* [TASK DESCRIPTION] Return the data below exactly, minus the pictures.

#####

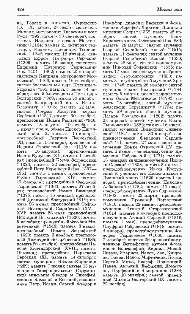 (IX ? X; память 27 июля); святитель Михаил, митрополит Киевский и всея Руси (+992; память 30 сентября); свя- титель Иларион, епископ Меглин- ский (+1164; память 21 октября); свя- титель Иоаким, Патриарх Тырнов- ский (+1246; память 18 января); свя- титель Ефрем, Патриарх Сербский (+1399; память 15 июня); святитель Евфимий, Патриарх Тырновский (+ок. 1401?1402; память 20 января); святитель Киприан, митрополит Мос- ковский (+1406; память 16 сентября); святой благоверный царь Юстиниан- Управда (+565; память 5 июня, 14 но- ября); святой благоверный Петр, царь Болгарский (+969; память 30 января); святой благоверный князь Иоанн- Владимир ( + 1016; память 22 мая); святой Стефан Милутин, король Сербский ( + 1317; память 30 октября); преподобный Иоанн Рыльский (+946; память 18 августа, 19 октября и 1 июля); преподобный Прохор Пшин- ский (кон. X; память 15 января); преподобный Гавриил Лесновский (XI; память 15 января); преподобный Иоаким Осоговский (ок. +1115; па- мять 16 августа); преподобный Иоанн Кукузель (XII; память 1 октяб- ря); преподобный Косма Зографский (+1323; память 22 сентября); препо- добный Петр Коришский (+ок. 1337 ? 1351; память- 5 июня); преподобный Роман Тырновский (XIV; память 17 февраля); преподобный Феодосии Тырновский ( + 1363; память 27 нояб- ря); преподобный Ромил Бдинский (+1375; память 16 января); преподоб- ный Дионисий Костурский (XIV; па- мять 26 июня); преподобный Софро- ний Болгарский, Софийский (XV ? XVI; память 28 мая); преподобный Нектарий Битольский (+1500; память 5 декабря); преподобный Феофил Ми- роточивый (+1548; память 8 июля); преподобный Пимен Зографский (+1620; память 3 ноября); преподоб- ный Димитрий Бесарбовский (+1685; память 26 октября); преподобный Па- исий Хилендарский (XVIII; память 19 июня); преподобная Параскева Сербская (XI; память 14 октября); святая мученица Недела-Кириакия (+289; память 7 июля); святые 15 му- чеников Тивериопольских (Струмиц- ких) епископы Феодор и Тимофей, монахи Комасий и Евсевий, священ- ники Петр, Иоанн, Сергий, Феодор и |
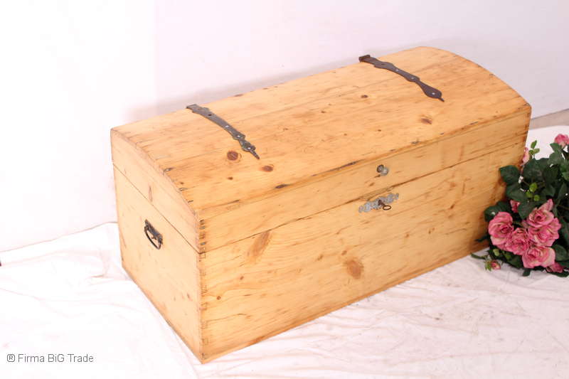 Wunderschöne antike Gründerzeit Weichholz Runddeckeltruhe Truhe Eisenbeschläge Massiv
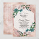 Blush Pink Rose Gold Succulents with Watercolor flowers, greenery, faux metallic veins, and geometric hexagon frame. Trendy and Modern Bridal Shower Invitations ~ Check my shop to see the entire wedding collection with this design!
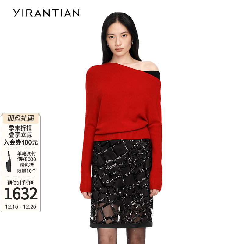 【YIRANTIAN】明星同款女士柔软细腻斜肩拼接露肩针织上衣红毛衣
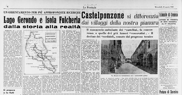 La storia rammenta che ai tempi di Barbarossa i cremonesi mossero all' assedio di Lodi con apparato nautico e terrestre per le interposte paludi. In tempi più remoti sembra che il lago sia stato più vasto a causa della minore profondità degli alvei dell'Adda e del Serio sicché le sue acque invadevano in tempi di piena territori molto più lontani che a causa della loro accidentalità si trasformavano in immense distese melmose in cui si emergevano specie di collinette sulle quali i primi abitatori costruirono su palafitte i loro villaggi. Infatti, nel caso di Soresina, la parte più alta è anche la più vecchia e tra questo punto e la parte più bassa corre un dislivello di circa sette metri. L’abitato poi di questa cittadina è attraversato da una roggia chiamata Geronda: forse in ricordo dell'antico lago?
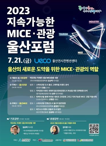 [제주교통복지신문 김강석 기자] 울산시는 7월 21일 오후 1시 30분 울산전시컨벤션센터에서 ‘2023 지속가능한 마이스(MICE)·관광 울산포럼’을 개최한다고 밝혔다.
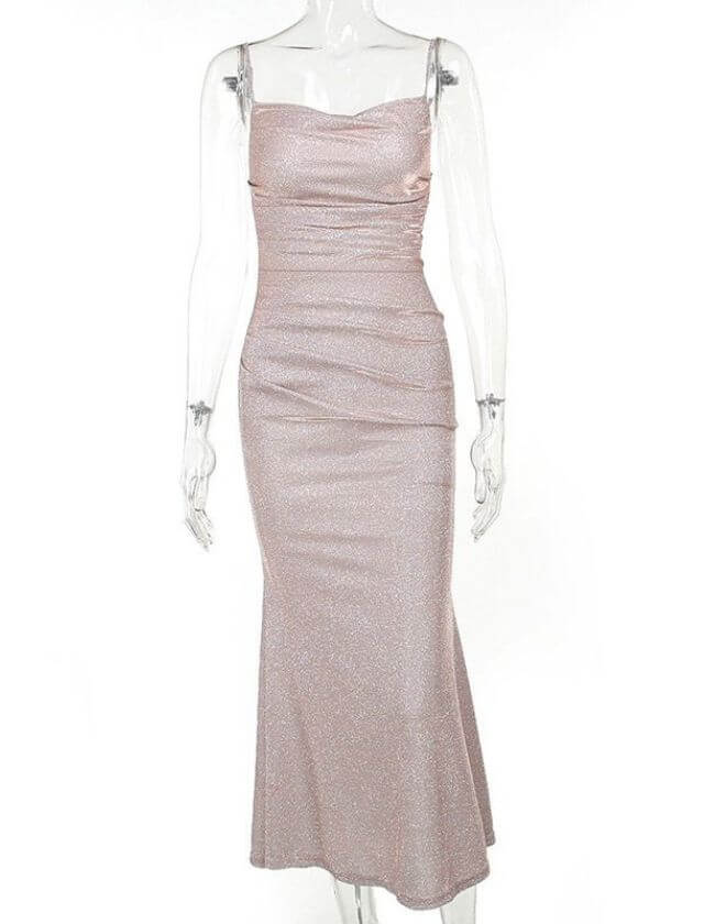 With its sequin-embellished fabric, this dress is the epitome of glamour and sophistication. The bodycon silhouette hugs your curves in all the right places, while the halter neckline and sleeveless design add a touch of sexiness to the look.
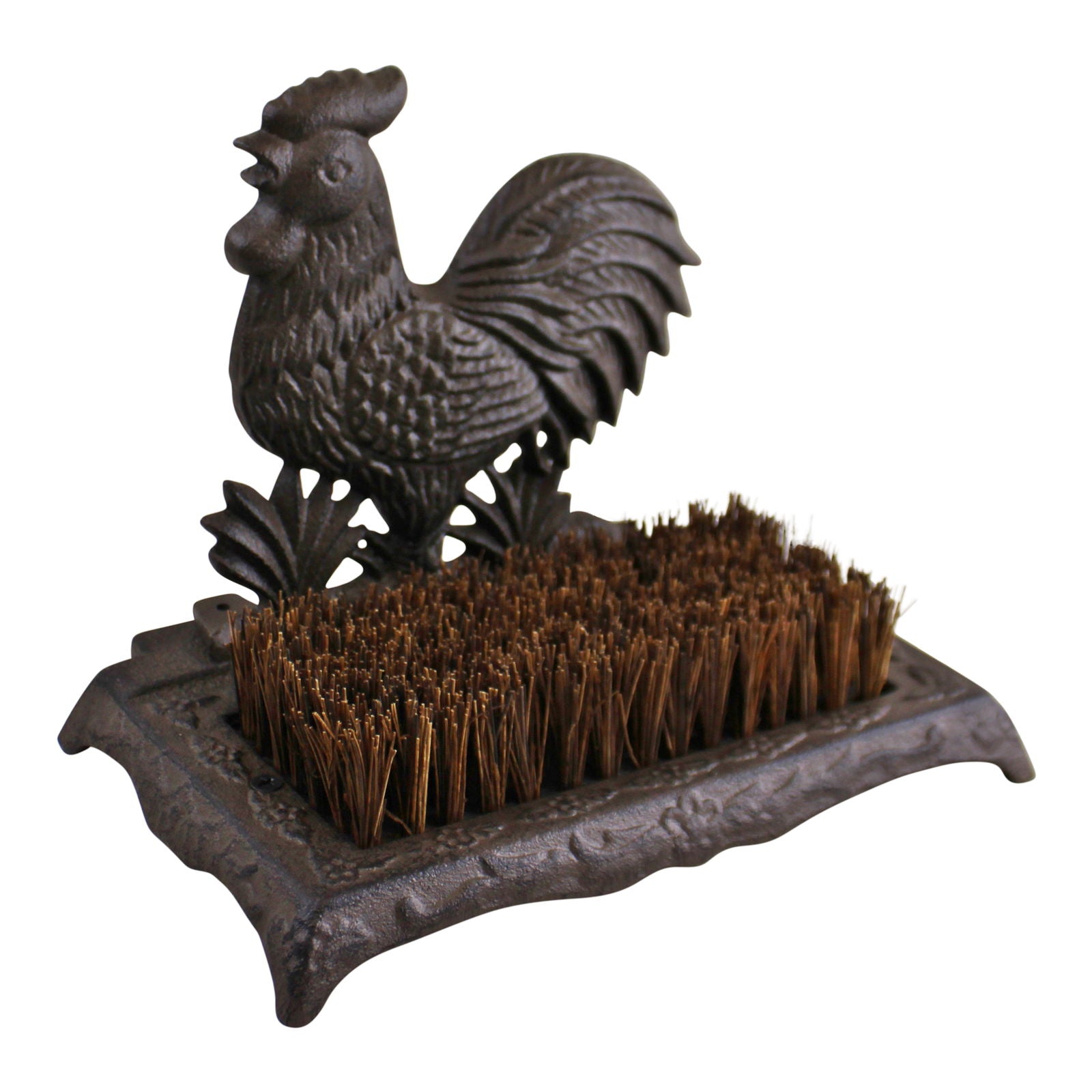The standout feature of this boot brush is undoubtedly its charming cockerel design, which adds a touch of whimsy and personality to your outdoor décor. Accompanied by intricate scroll and flower embossing at the base, this boot brush isn't just a functional tool; it's a decorative piece that enhances the aesthetic of your home.

#####

* [FINISHED TASK]
 (IX ? X; память 27 июля); святитель Михаил, митрополит Киевский и всея Руси (+992; память 30 сентября); свя- титель Иларион, епископ Меглин- ский (+1164; память 21 октября); свя- титель Иоаким, Патриарх Тырнов- ский (+1246; память 18 января); свя- титель Ефрем, Патриарх Сербский (+1399; память 15 июня); святитель Евфимий, Патриарх Тырновский (+ок. 1401?1402; память 20 января); святитель Киприан, митрополит Мос- ковский (+1406; память 16 сентября); святой благоверный царь Юстиниан- Управда (+565; память 5 июня, 14 но- ября); святой благоверный Петр, царь Болгарский (+969; память 30 января); святой благоверный князь Иоанн- Владимир ( + 1016; память 22 мая); святой Стефан Милутин, король Сербский ( + 1317; память 30 октября); преподобный Иоанн Рыльский (+946; память 18 августа, 19 октября и 1 июля); преподобный Прохор Пшин- ский (кон. X; память 15 января); преподобный Гавриил Лесновский (XI; память 15 января); преподобный Иоаким Осоговский (ок. +1115; па- мять 16 августа); преподобный Иоанн Кукузель (XII; память 1 октяб- ря); преподобный Косма Зографский (+1323; память 22 сентября); препо- добный Петр Коришский (+ок. 1337 ? 1351; память- 5 июня); преподобный Роман Тырновский (XIV; память 17 февраля); преподобный Феодосии Тырновский ( + 1363; память 27 нояб- ря); преподобный Ромил Бдинский (+1375; память 16 января); преподоб- ный Дионисий Костурский (XIV; па- мять 26 июня); преподобный Софро- ний Болгарский, Софийский (XV ? XVI; память 28 мая); преподобный Нектарий Битольский (+1500; память 5 декабря); преподобный Феофил Ми- роточивый (+1548; память 8 июля); преподобный Пимен Зографский (+1620; память 3 ноября); преподоб- ный Димитрий Бесарбовский (+1685; память 26 октября); преподобный Па- исий Хилендарский (XVIII; память 19 июня); преподобная Параскева Сербская (XI; память 14 октября); святая мученица Недела-Кириакия (+289; память 7 июля); святые 15 му- чеников Тивериопольских (Струмиц- ких) епископы Феодор и Тимофей, монахи Комасий и Евсевий, священ- ники Петр, Иоанн, Сергий, Феодор и |
 Wunderschöne antike Gründerzeit Weichholz Runddeckeltruhe Truhe Eisenbeschläge Massiv
 Blush Pink Rose Gold Succulents with Watercolor flowers, greenery, faux metallic veins, and geometric hexagon frame. Trendy and Modern Bridal Shower Invitations ~ Check my shop to see the entire wedding collection with this design!
 【YIRANTIAN】明星同款女士柔软细腻斜肩拼接露肩针织上衣红毛衣
 La storia rammenta che ai tempi di Barbarossa i cremonesi mossero all' assedio di Lodi con apparato nautico e terrestre per le interposte paludi. In tempi più remoti sembra che il lago sia stato più vasto a causa della minore profondità degli alvei dell'Adda e del Serio sicché le sue acque invadevano in tempi di piena territori molto più lontani che a causa della loro accidentalità si trasformavano in immense distese melmose in cui si emergevano specie di collinette sulle quali i primi abitatori costruirono su palafitte i loro villaggi. Infatti, nel caso di Soresina, la parte più alta è anche la più vecchia e tra questo punto e la parte più bassa corre un dislivello di circa sette metri. L’abitato poi di questa cittadina è attraversato da una roggia chiamata Geronda: forse in ricordo dell'antico lago?
 [제주교통복지신문 김강석 기자] 울산시는 7월 21일 오후 1시 30분 울산전시컨벤션센터에서 ‘2023 지속가능한 마이스(MICE)·관광 울산포럼’을 개최한다고 밝혔다.
 With its sequin-embellished fabric, this dress is the epitome of glamour and sophistication. The bodycon silhouette hugs your curves in all the right places, while the halter neckline and sleeveless design add a touch of sexiness to the look.
The standout feature of this boot brush is undoubtedly its charming cockerel design, which adds a touch of whimsy and personality to your outdoor décor. Accompanied by intricate scroll and flower embossing at the base, this boot brush isn't just a functional tool; it's a decorative piece that enhances the aesthetic of your home.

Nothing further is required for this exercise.